In the output above, you’ll see information about the standardized or scaled residuals.

Below it, you’ll see information on the random effects. In our case, we have a random intercept and a random slope for age for each individual that we allowed by adding + (age | id) to the formula. We might read (age | id) as we want to estimate slope | indicates conditional on, and id refers to the variable called id.
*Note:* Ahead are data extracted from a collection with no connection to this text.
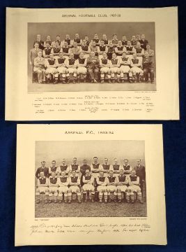 Arsenal FC, two large sepia squad photo's both issued as Supplements from the News Chronicle, one for 1933/34 with facsimile signature legend, the other for 1937/38 with printed legend (both with some sl creasing but gen gd). From the Phil Martin Collection.
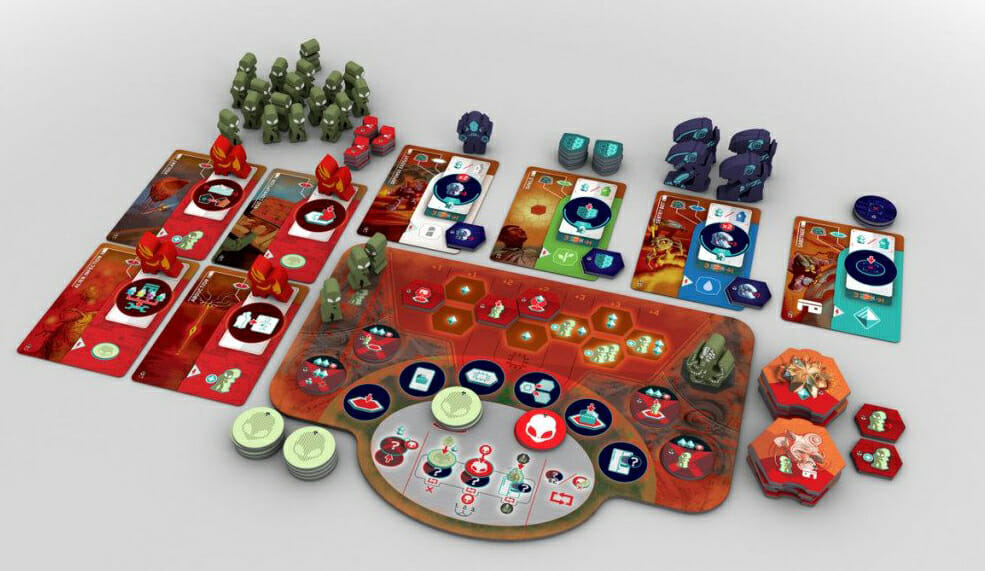 On Mars : Alien Invasion est une extension plus ou moins coopérative pour On Mars. Cette boîte contient 4 chapitres d’une histoire de Nathan Morse, chaque histoire présente une façon différente de jouer au jeu, conçue par Vital Lacerda. Vous jouerez à un contre plusieurs, en totale coopération, et même en solo si vous le souhaitez, selon le chapitre. Vous y trouverez 4 façons originales et totalement rejouables d’établir des colonies sur Mars ! Cette extension de On Mars est divisée en chapitres, chacun d’entre eux étant conçu pour modifier l’expérience de jeu en apportant de nouvelles règles. La différence la plus fondamentale est que la plupart des chapitres sont coopératifs, ce qui signifie que chaque chapitre a un objectif spécifique, et que si cet objectif n’est pas réussi par le groupe, vous perdez tous la partie.
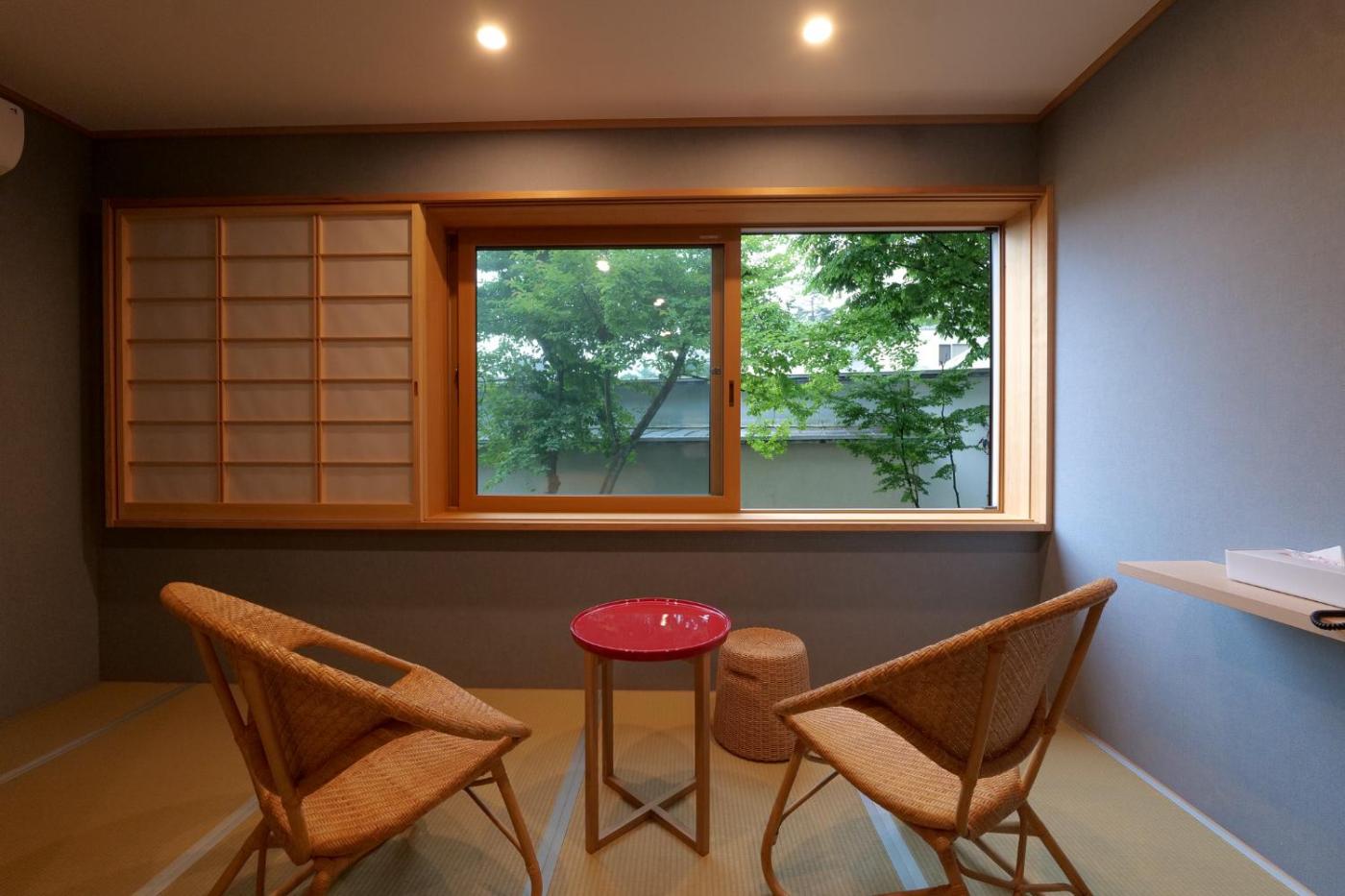 Japanese Style room with Futon. Tranquil room featuring a tatami (woven-straw) floor, shoji sliding paper screens and a low table with seating cushions. It has a seating area with a coffee table and chairs, traditional futon bedding and an attached toilet. Amenities include an LCD TV, a fridge and toiletries. Bathing facilities are shared. ;

We assumed that \((b_{i0}, b_{i1}) \sim N(0,G)\). The estimated covariance matrix \(G\) is

\[\hat{G} = \left(\begin{array}{cc} 5.41 & -0.61*2.32*0.22\\ -0.61*2.32*0.22& 0.05 \end{array}\right)\]

Additionally, we have assumed that our errors are independent with constant variance, \(\hat{\sigma}^2_e = 1.72\), \(\hat{\sigma}_e = 1.31\).

Lastly, we have our fixed effects, the parameters we don’t assume are random, \(\beta_0\) and \(\beta_1\). Those estimates are \(\hat{\beta}_0 = 16.76\) and \(\hat{\beta}_1 = 0.66\). You’ll notice that these estimates did not change much at all by adding a random intercept. This will more often happen when modeling a continuous outcome (not when modeling a binary or count outcome).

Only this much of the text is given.